Likewise, using an annotated field opened up possibilities for retrieving the classes to run as part of a suite. Johannes Link’s handy ClasspathSuite can be recast as an alternative implementation of Classes above, along with a host of other ways to find the classes to run.
Taking a Step Back
I’m a big fan of declarative expression in programming languages. Annotations are superior to convention (like naming all test methods “test…”) for declaring intent because they can be checked by the compiler. The addition of parameters to annotations makes them even more expressive. However, annotations attached to elements fully determined at compile time (like classes and methods) are fundamentally limited.
The problem is the coupling between intention and implementation. An annotation attached to a class specifies both intention (i.e. “run this class as a test in a certain way”) with an implementation (“this exact class right here”). Conflating intention and implementation limits the flexibility and power of annotations.
Annotations on fields separates intention and implementation. The intention is attached to the field while the implementation is specified by the value of the field, which can vary at runtime. It is this separation, and the flexibility it buys, that is the secret behind rules and this proposed new test suite semantics and syntax.
I’m still getting used to annotations and what they are capable of. I know I’ll be looking for ways to annotate fields in the future instead of classes or methods if I have the option.
I like the new syntax. When do we get it in a officially released version (even when it is still in the experimental package)?
Fascinating! I see how the separation of intention and implementation opens up new possibilities. As you said, compile time intention and runtime targets of that intention. Thanks for such a great post.
We’ll clean it up and put it in the experimental package next week. It’s just so much better that I have little worries about whether it’s viable.
OK, I give up. Annotations are useful.
I reluctantly concur.
[...] Field Annotations Unexpectedly Rock, jUnit. http://www.threeriversinstitute.org/blog/?p=456 [...]
The link to this article was forwarded to me by my manager Steve Morrow when I was asking what would be a best way to embed requirements traceability into our tests so that, we can pick and choose tests for a particular functionality.

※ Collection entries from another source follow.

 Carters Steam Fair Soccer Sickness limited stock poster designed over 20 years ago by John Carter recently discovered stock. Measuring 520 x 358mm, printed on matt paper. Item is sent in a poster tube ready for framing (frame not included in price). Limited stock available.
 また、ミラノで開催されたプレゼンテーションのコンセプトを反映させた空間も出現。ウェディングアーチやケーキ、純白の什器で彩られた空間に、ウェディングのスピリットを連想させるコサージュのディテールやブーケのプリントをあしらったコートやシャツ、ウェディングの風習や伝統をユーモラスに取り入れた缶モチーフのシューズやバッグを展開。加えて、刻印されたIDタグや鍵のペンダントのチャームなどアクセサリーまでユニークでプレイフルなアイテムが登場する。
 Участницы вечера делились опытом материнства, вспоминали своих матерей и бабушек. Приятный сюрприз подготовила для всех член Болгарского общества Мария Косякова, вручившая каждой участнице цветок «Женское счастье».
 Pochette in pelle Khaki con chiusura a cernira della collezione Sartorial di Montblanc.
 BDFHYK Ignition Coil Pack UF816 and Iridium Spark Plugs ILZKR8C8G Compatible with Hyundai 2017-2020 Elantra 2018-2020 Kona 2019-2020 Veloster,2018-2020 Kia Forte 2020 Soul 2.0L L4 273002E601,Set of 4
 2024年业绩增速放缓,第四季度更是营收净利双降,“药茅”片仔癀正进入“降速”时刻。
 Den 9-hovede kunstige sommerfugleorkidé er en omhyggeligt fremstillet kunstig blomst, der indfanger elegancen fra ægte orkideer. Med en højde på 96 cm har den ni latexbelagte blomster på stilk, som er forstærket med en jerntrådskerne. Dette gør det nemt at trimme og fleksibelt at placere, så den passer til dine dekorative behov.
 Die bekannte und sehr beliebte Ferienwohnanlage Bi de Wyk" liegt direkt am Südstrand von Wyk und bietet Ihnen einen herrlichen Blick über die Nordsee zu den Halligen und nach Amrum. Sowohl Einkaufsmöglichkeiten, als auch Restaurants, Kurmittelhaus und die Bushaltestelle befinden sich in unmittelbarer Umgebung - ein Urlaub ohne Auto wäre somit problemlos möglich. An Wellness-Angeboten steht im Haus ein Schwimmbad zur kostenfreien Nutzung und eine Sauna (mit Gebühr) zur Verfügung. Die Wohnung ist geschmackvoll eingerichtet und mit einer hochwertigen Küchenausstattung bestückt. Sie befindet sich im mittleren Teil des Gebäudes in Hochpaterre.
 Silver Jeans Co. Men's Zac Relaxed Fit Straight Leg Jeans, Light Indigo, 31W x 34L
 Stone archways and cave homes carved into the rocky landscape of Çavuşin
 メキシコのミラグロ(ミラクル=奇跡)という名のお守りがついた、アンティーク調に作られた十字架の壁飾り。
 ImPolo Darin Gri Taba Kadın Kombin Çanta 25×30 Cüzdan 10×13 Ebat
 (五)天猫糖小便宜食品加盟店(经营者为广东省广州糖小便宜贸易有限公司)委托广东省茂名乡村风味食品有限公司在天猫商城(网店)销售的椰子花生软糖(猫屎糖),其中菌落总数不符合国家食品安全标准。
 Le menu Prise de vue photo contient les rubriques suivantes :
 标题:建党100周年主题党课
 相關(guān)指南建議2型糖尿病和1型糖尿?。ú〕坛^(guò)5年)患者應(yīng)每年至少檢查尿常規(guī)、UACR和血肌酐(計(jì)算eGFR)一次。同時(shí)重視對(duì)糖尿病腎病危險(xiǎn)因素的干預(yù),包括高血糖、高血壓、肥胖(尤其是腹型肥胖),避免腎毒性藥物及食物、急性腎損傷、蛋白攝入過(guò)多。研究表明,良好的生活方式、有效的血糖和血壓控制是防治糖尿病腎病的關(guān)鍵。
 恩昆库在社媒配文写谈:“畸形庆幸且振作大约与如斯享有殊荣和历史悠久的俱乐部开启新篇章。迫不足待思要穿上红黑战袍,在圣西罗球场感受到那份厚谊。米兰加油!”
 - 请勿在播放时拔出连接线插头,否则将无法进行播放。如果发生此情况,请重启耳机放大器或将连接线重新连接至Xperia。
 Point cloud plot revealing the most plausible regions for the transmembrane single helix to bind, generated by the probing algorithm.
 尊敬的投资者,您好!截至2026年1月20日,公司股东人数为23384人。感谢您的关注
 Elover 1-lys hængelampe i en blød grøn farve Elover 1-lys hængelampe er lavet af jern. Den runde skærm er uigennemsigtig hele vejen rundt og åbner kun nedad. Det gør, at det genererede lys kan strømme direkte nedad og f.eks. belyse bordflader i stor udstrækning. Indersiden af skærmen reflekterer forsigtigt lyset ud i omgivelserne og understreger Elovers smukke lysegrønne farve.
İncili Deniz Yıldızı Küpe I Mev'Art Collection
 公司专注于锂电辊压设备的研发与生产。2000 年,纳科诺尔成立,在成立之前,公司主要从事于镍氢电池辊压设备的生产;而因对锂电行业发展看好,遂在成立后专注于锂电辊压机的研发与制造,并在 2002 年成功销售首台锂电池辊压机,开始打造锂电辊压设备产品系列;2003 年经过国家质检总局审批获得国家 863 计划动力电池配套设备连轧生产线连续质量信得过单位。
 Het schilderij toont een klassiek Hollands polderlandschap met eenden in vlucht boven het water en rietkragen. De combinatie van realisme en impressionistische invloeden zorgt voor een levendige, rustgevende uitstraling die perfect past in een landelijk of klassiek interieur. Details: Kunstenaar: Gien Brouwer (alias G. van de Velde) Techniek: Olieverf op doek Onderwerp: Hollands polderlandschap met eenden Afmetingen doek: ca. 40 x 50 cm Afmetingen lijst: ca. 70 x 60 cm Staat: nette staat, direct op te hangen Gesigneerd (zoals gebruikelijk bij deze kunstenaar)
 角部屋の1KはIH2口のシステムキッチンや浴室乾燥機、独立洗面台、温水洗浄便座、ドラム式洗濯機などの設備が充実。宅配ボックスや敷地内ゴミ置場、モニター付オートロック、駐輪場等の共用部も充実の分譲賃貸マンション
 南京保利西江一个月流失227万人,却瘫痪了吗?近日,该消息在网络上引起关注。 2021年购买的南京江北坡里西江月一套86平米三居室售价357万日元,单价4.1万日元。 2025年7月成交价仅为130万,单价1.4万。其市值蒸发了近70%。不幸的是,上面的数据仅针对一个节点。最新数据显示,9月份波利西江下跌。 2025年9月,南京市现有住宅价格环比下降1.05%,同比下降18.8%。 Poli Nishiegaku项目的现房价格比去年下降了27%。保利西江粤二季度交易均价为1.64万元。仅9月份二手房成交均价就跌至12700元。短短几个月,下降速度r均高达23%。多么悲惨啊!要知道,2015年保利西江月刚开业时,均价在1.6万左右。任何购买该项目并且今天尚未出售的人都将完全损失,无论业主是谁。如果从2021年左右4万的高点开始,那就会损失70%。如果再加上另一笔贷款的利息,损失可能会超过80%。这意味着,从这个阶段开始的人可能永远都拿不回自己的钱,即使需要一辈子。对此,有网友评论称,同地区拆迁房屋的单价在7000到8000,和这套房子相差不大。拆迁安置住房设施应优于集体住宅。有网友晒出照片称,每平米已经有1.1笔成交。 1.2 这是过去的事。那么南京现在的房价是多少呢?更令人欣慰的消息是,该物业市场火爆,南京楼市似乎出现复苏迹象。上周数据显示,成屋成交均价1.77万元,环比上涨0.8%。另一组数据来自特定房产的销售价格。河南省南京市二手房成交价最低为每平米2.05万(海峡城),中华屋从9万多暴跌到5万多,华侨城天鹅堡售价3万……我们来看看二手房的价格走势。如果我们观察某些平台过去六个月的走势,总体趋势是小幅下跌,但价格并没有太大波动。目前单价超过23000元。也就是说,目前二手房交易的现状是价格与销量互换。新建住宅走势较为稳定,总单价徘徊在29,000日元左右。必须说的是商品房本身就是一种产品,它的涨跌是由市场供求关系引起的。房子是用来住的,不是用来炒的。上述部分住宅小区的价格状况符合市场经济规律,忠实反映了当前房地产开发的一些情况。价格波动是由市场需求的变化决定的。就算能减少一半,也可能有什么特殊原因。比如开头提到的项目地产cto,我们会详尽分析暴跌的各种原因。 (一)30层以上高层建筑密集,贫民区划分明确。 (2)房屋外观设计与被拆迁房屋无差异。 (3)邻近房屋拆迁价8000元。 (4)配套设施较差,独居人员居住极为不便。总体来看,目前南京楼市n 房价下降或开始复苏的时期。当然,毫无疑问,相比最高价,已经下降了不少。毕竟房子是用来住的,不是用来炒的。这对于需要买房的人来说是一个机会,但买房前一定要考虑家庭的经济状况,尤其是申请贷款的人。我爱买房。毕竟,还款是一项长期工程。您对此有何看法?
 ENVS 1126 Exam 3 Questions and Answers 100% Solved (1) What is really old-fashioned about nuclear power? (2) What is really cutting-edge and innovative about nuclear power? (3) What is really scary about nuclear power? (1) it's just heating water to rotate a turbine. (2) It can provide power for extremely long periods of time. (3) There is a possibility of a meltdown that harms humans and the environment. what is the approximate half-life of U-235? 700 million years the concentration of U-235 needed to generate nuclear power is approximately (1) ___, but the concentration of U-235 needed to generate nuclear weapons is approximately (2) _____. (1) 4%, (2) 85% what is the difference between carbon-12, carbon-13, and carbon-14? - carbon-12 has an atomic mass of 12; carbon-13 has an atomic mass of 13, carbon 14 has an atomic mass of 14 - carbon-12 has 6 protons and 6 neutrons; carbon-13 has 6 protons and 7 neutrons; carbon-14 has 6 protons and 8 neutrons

This artcile is right on by highlighting the coupling between intention and implementation. I need to dig deep into the rules api which comes with JUnit. I am just leaving this comment so that others might think about this and come up with other ways to get traceability. I do know that xUnit Test Patterns by Gerard Meszaros talks about organizing tests. But I am afraid that organizing tests only goes so far when traceability considered.
But definitely annotations on fields enable to have different behaviors when runing unit tests.